The Path To Increased Reach Via Posting On LinkedIn

Having lots and lots of connections

And it is maybe the most critical factor in more people seeing your post (or article, video or whatever it is you are publishing on LinkedIn). This is because of the way LinkedIn’s algorithms work when we publish. 

When we hit the “publish” or “post” button on LinkedIn, Linkedin takes our content and puts it in front of a very small fraction of our connections.  This number is thought to be 5-7%, though this is just an educated guess by the independent LinkedIn training and consulting community. Of course LinkedIn won’t confirm or deny anything, and to be fair, LinkedIn is always tweaking the algorithms, so maybe it is just as well they don’t tell us exactly how the system works. 

Once we have published our content, and  if we get engagement, the algorithm judges our content’s  relevance and puts it in front of more people, both more of our connections, and connections of the people who engaged with our post. That’s why you will get LinkedIn notifications saying “Bruce, a connection of yours, commented on Jeff Ball’s post.”
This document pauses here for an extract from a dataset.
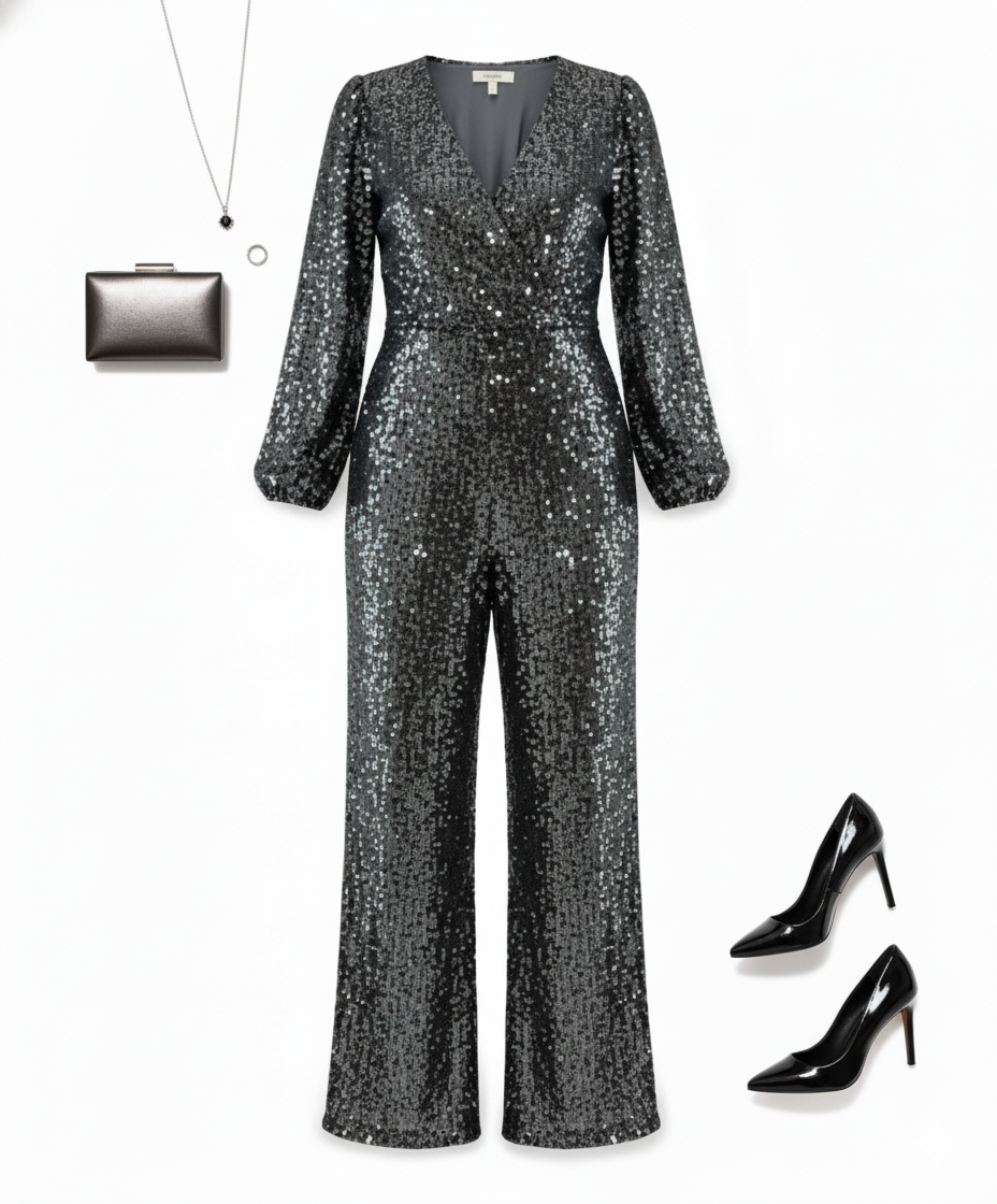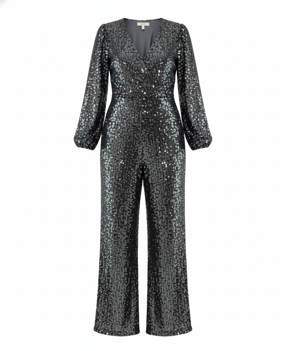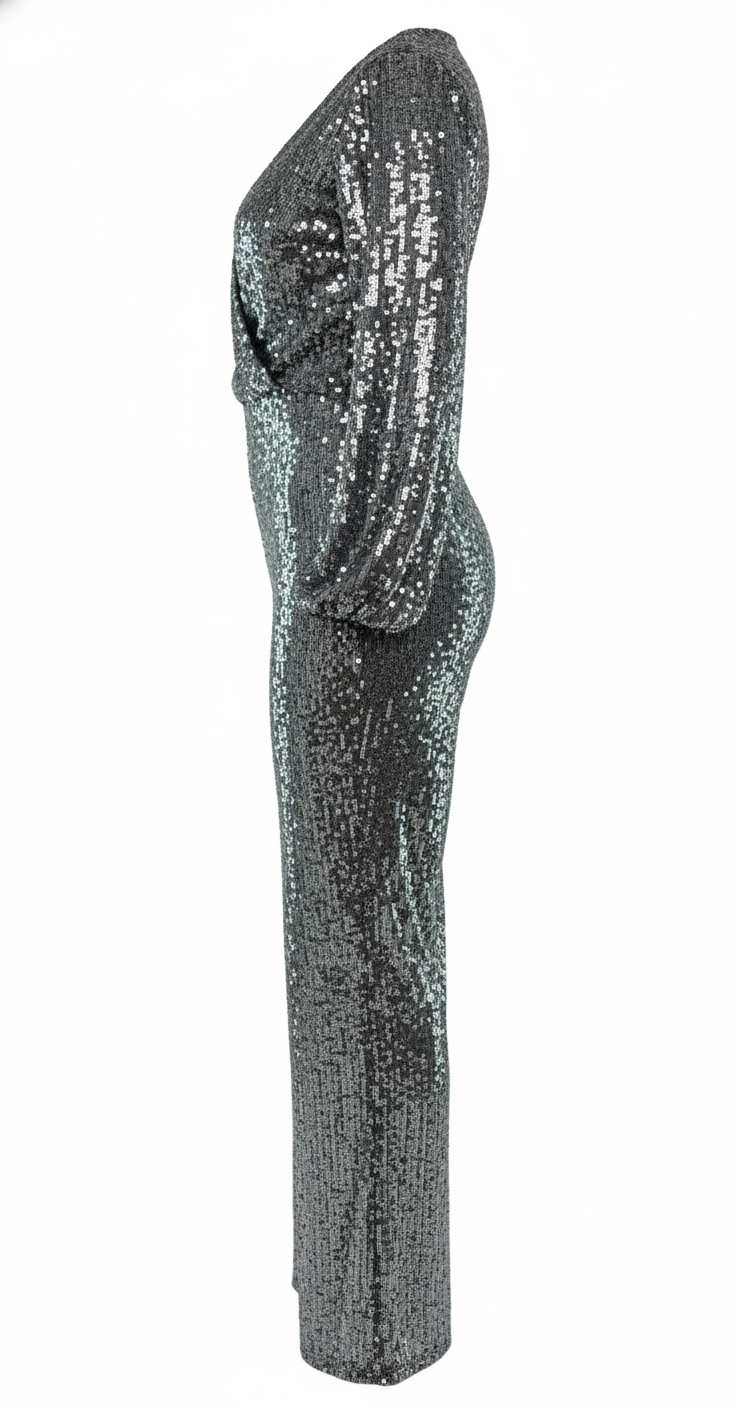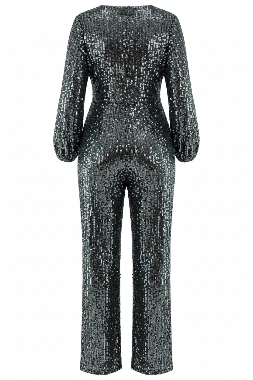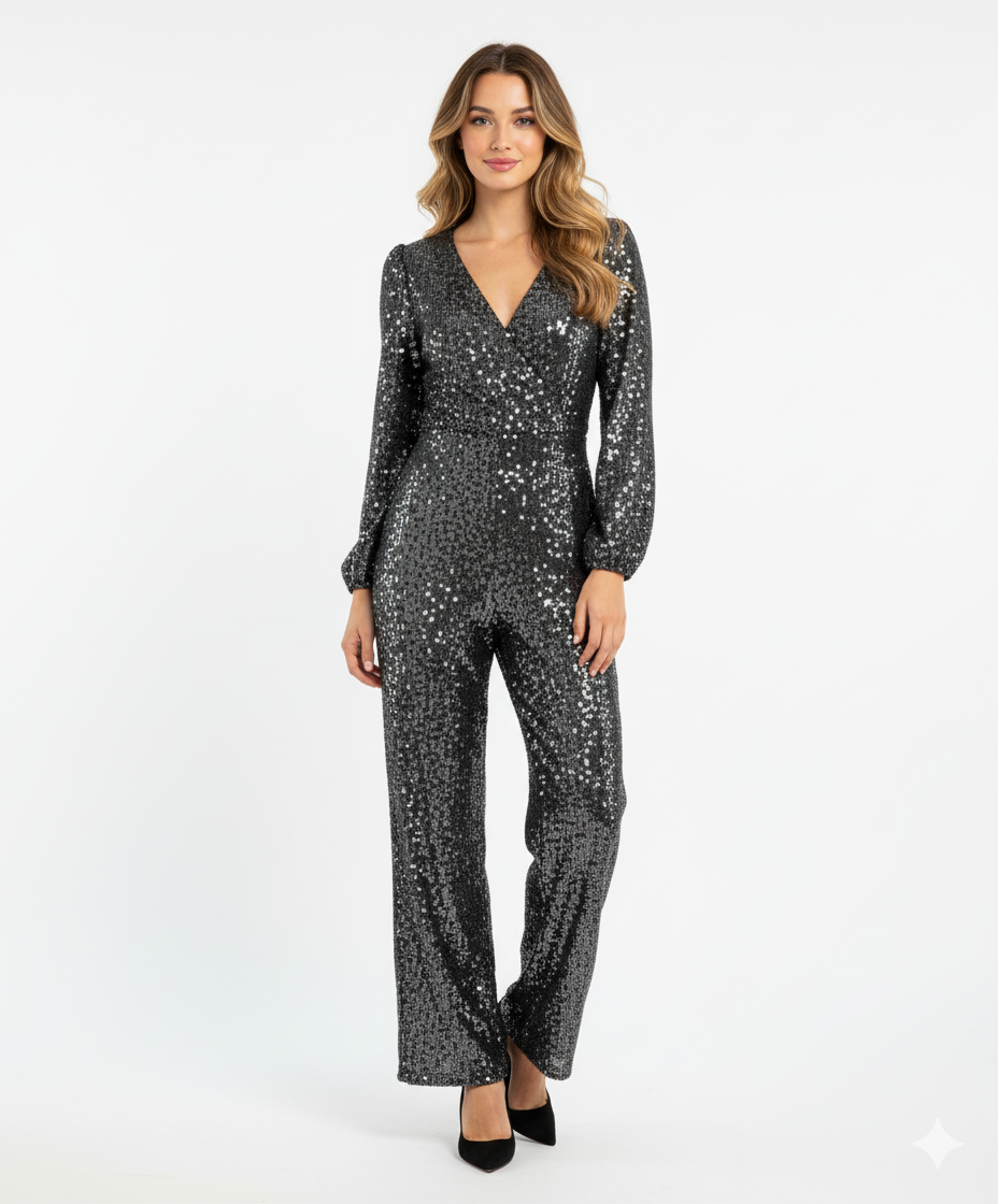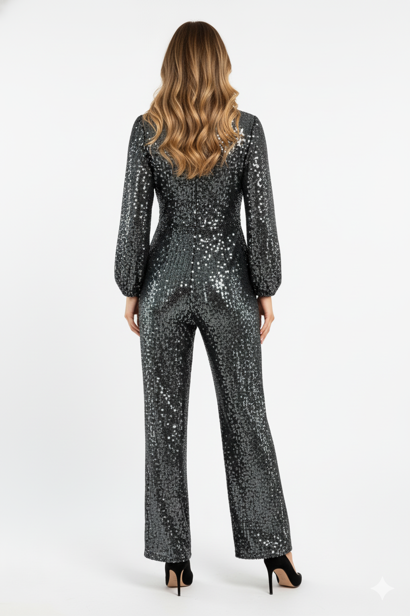 Este enterizo largo de lentejuelas con escote en V profundo y corte recto en las piernas es la combinación perfecta entre presencia y movimiento. La manga larga equilibra el brillo con un aire elegante, ideal para mujeres que disfrutan ser el centro de atención sin esfuerzo ni exageración.

Let’s look at a couple hypothetical examples. Let’s say you have five hundred connections. You write a really good post and publish it. LinkedIn puts it in front of 5-7% of your connections, or around thirty people. Those people respond really well, and LinkedIn puts your content in front of another 20% of your connections, that is one hundred more people.  So you have been (possibly) seen by one hundred and thirty people. Meanwhile I post at the same time. LinkedIn puts my post in front of 5-7% of my five thousand connections, or three hundred people. But my post isn’t as well written or relevant as yours and gets a lot less engagement. So LinkedIn puts my post in front of only another 10% of my connections, which is five hundred people. 

So your  objectively better, more relevant post gets put in front of 130 people. My lesser post gets put in front of 800. The much larger number of connections I have gives me a huge advantage over you. 

The bottom line is that all other factors being equal, the more connections you have, the wider LinkedIn  will spread your post and the more new people will have the opportunity to see it. 

There are a couple unknowns here though, and those are how LinkedIn treats followers and subscribers. You can follow someone or subscribe (ring the bell on their profile)  to someone’s content on LinkedIn without connecting with them. LinkedIn says you will see all of their posted content, but I am skeptical. I think that LinkedIn has a vague definition of what “see” means. I do think that LinkedIn does put all of our content for people we follow or subscribe to in our feeds, but way down the feed where it is pretty unlikely that we will ever scroll down far enough to see. 

Note the one exception to this whole publishing algo thing seems to be LinkedIn newsletters. LinkedIn says they go to all your subscribers and this seems to be true.

So there you go. Quality of your content is of course really important. But LinkedIn controls the delivery system for that content and one of the few ways you can really work that system to your advantage is by giving it a bigger list of connections to work with.